Lately my brain is whirring and whirling, with seemingly millions of things to deal with and mull over and work through. Walking seemed a release to allow my brain to have full reign.


The pedometer is still fulfilling its role as my favourite new toy.
Allowing me to gauge roughly a bare minimum of the energy I should put into my treks. Not that I cared as I strolled through the shadows of the trees as a soft breeze blew, the sun coaxing people from all warps of life out to enjoy the day.
I would so recommend someone investing in a pedometer. Even a short 10 - 20 minute stroll, just for the sheer purpose of walking for yourself, maybe an escape from the four walls after work, or to soothe a screaming child, feels even better when you glance down and see the numbers racking up.

Before I returned home the Short and Dumpy One was more than ready and warmed up to complete the running training intervals. Today it felt good, I am still totally unfit, I still haven’t mastered the simple art of breathing whilst jogging, BUT I enjoyed it today, every second past the time I should of stopped but pushed on, my smile grew an inch. (Not truly a pretty sight, think the Joker in Batman!)

I have decided that I will repeat this weeks training, doing an additional set of these very first intervals. I want my body to adjust to this running malarkey as a permanent feature, I can afford another week in a life time.


I shall leave you safe from my ponderings tonight. I am sure tomorrow I shall return to my wobbly self. I wanted to record a humorous and candidly honest account of what it feels like, day in and day out, often year in and year out, to be FAT and trying to ‘lose it’; track my progress, my mindset, my success and my failure, personal setbacks, and embarrassing misadventures.

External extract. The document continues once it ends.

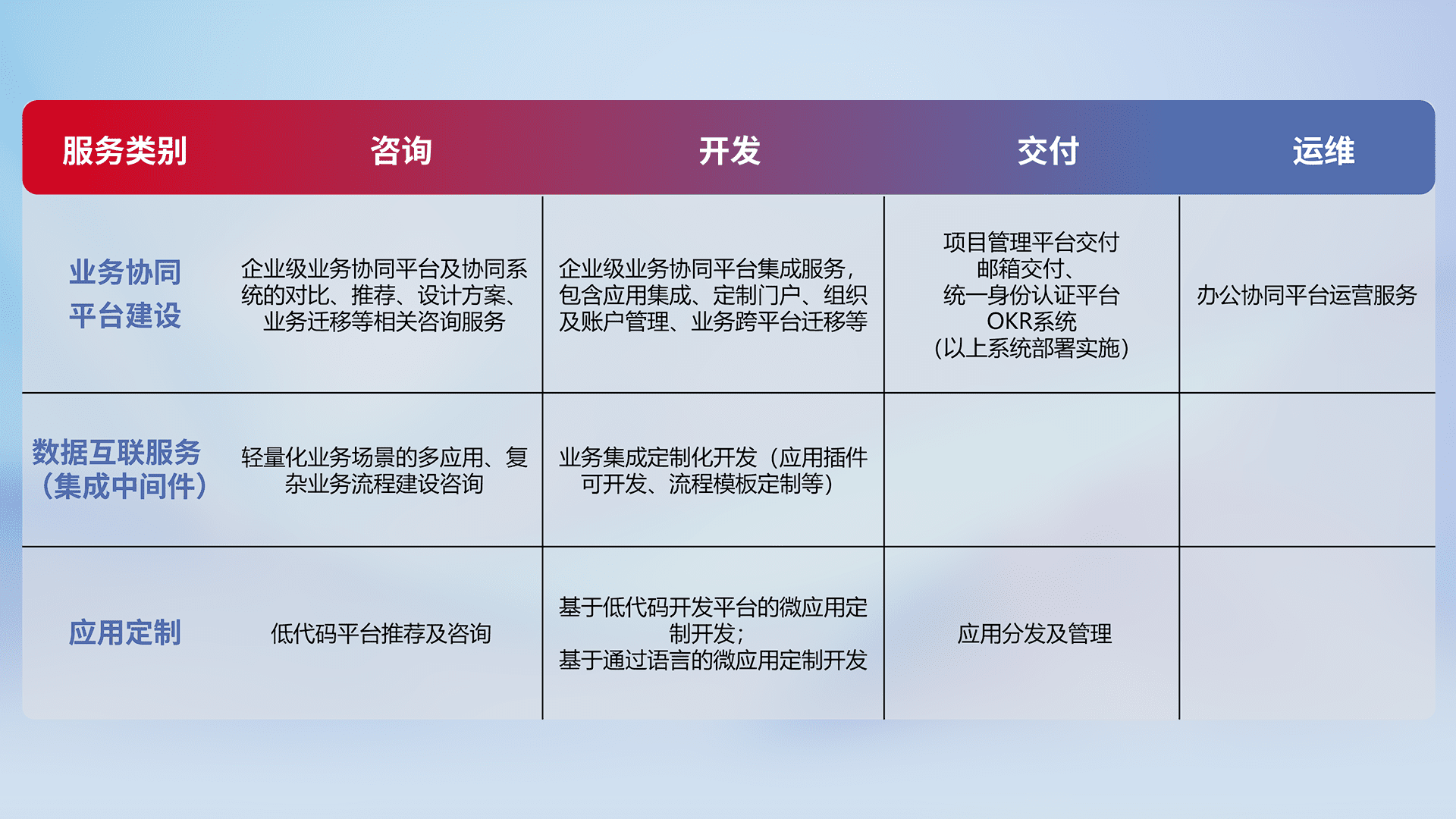 针对钉钉、、、、企微、、、、IDaas等平台级产品提供产品的规划、、方案、、、交付、、、、定制化开发等服务,,实现如统一协同办公、、、、智能客户服务、、、混合会议管理、、、、智能数据查询、、、、等业务场景,,,实现数字化转型。。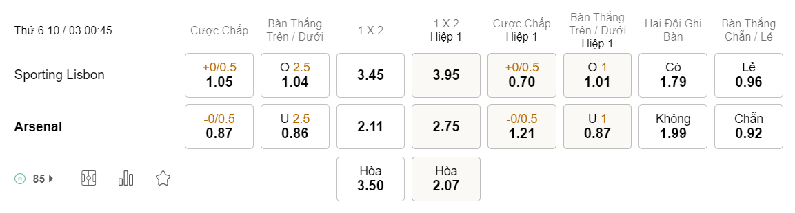Soi kèo hiệp 1 Sporting Lisbon vs Arsenal: 0.70*0/0.5*1.21

This remains true, but forgive me today for my laid back tappings and musings, like a long and languid yawn-stretch after a long night's sleep, it has recharged me and helped me set a few things straight in my mind. We shall power on to Va Va Voom, but sometimes the opportunity to reflect on the past and contemplate the future is simply yummy, I blame it solely on the pleasures of walking!


(The hill of death with its 20% incline was not a pleasure I hasten to add! Admittedly for the last 5 minutes of the walk before I reached it all my chilled out thoughts were steam rolled by it!)

Tomorrow I shall go into the calorie burn and muscle strengthening of walking more and in a more scientific weight loss kind of way….. I promise.

I hope you lovely readers like the facelift on the page. I think it is rather scrumptious. Let me know your thoughts.

Goodnight and sweetest dreams S xx

1 comment:

  1. Just to say I have not gone back on this promise. Notepad in hand, pen in mouth, tip of glasses in my mouth to be chewed whenever the pen leaves to scribble on the paper. i have been working on gathering information to make a walking page alongside the running one rather than a post :D. Should be popping up tomorrow.